Revenue for Spire Global was down nearly 56% year-over-year in the third quarter of 2025, which the company attributed to divesting its maritime business and the U.S. government shutdown shifting expected revenue into 2026. 

Spire reported third quarter revenue of $12.7 million, compared to $28.6 million in the same time last year. 

The company noted that the maritime business contributed $11.5 million revenue in the third quarter of 2024 that is no longer part of the business. Spire closed the maritime business sale to Kpler in April, allowing the company to pay down its debt. 

CFO Alison Engle told investors on Wednesday that more than $10 million of revenue moved into 2026 due to government delays like the shutdown. This relates to programs that remain funded, contracted, and underway, she said. 

Engle also estimated Spire lost $6 million to $8 million due to potential contracts not getting signed due to the government shutdown. “That was kind of an unprecedented length of time at the critical end of the year time frame for us,” Engle said. 

CEO Theresa Condor told investors she remains confident in Spire’s technology advantage, and cited Spire being named to the U.S. government Missile Defense Agency’s multi-award ShIELD Indefinite Delivery Indefinite Quantity (DIQ) contract that has a shared ceiling of $151 billion. The award positions Spire to compete for task orders under the Golden Dome initiative. 

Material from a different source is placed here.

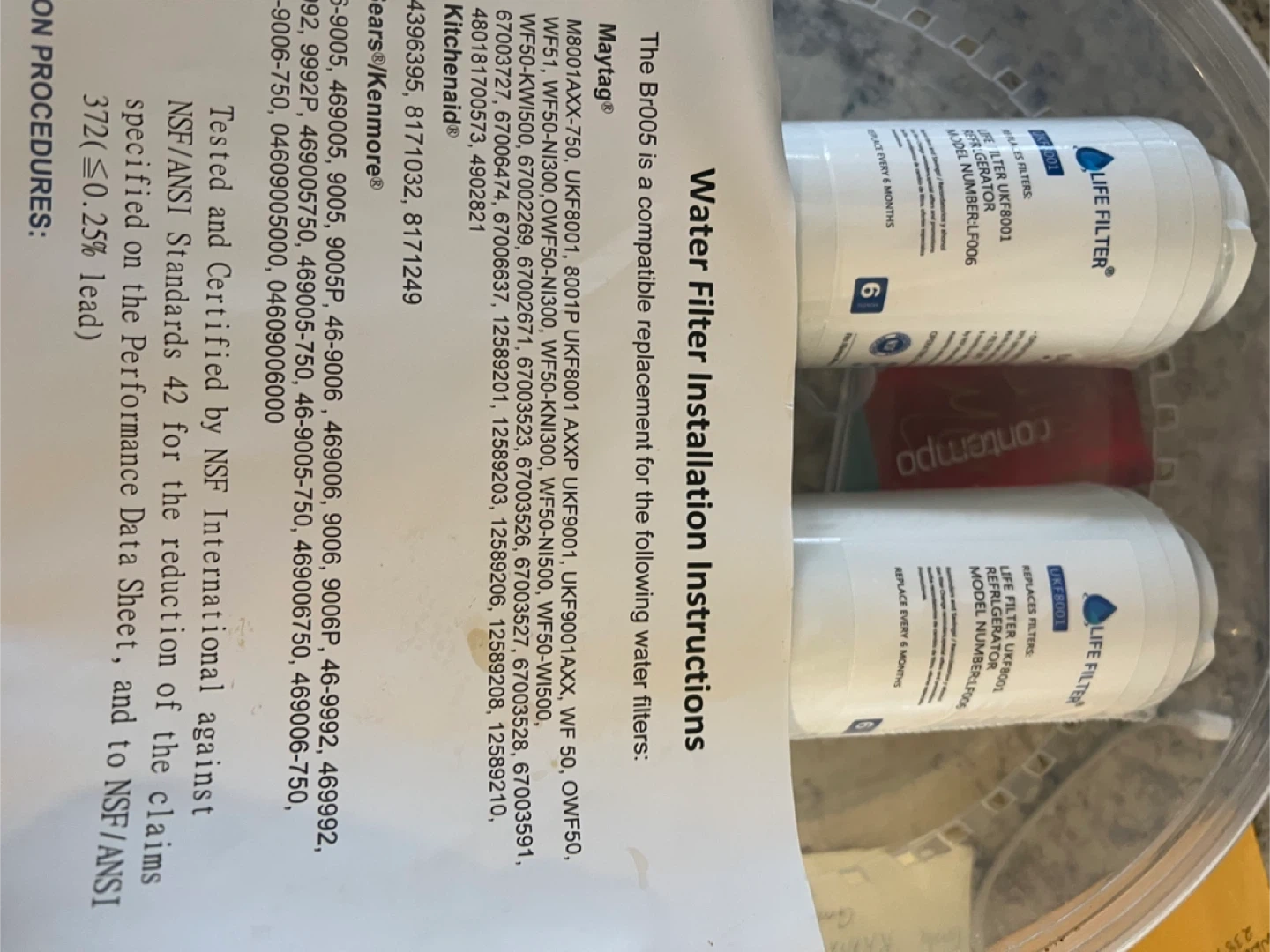 This is a 2-pack of Life Filter UKF8001 refrigerator water filters. They are NSF certified to reduce claims specified on the Performance Data Sheet and NSF/ANSI 372 for lead reduction.

“While the U.S. government shutdown shifted a portion of anticipated revenue from 2025 into 2026, the underlying program funding and delivery commitments remain fully intact, and recent awards demonstrate that the U.S. defense market continues to expand,” Condor said. 

She also spoke to the opportunity horizon in Europe like Germany’s planned space-defense spending noting that Spire is one of very few companies with an end-to-end small satellite production facility set up in Germany. The company operates a manufacturing facility in Munich. 

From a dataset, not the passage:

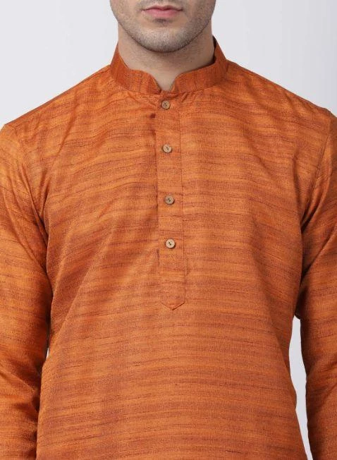 Brown woven straight kurta, has a mandarin collar, long sleeves, button placket, straight hem, and side slits

The company is also ramping up its space reconnaissance portfolio. 

“Spire’s space reconnaissance portfolio is seeing heightened demand as agencies move beyond traditional telecom and imaging approaches to exploit the radio-frequency domain. Our pipeline includes multiyear sovereign programs with recurring data demand as well as requests for immediate data delivery using installed capacity,” Condor said. 

Spire is forecasting its 2025 full year revenue to be between $70.5 million and $72.5 million — roughly a 35% year-over-year decline at the midpoint. 

The company noted that the maritime business contributed $43.5 million of revenue in 2024 overall, and year over year comparisons should take this into account. 

With the revenue movement out of 2025, Spire now expects in excess of 30% revenue growth in 2026 for the business, after the maritime divestiture. 

Spire was late in reporting its third quarter results and previously received a notice from the New York Stock Exchange about the late filing. Condor noted the company has selected KPMG as its new audit partner. “We are confident that Spire is positioned to operate as a regular reporting public company going forward,” she told investors.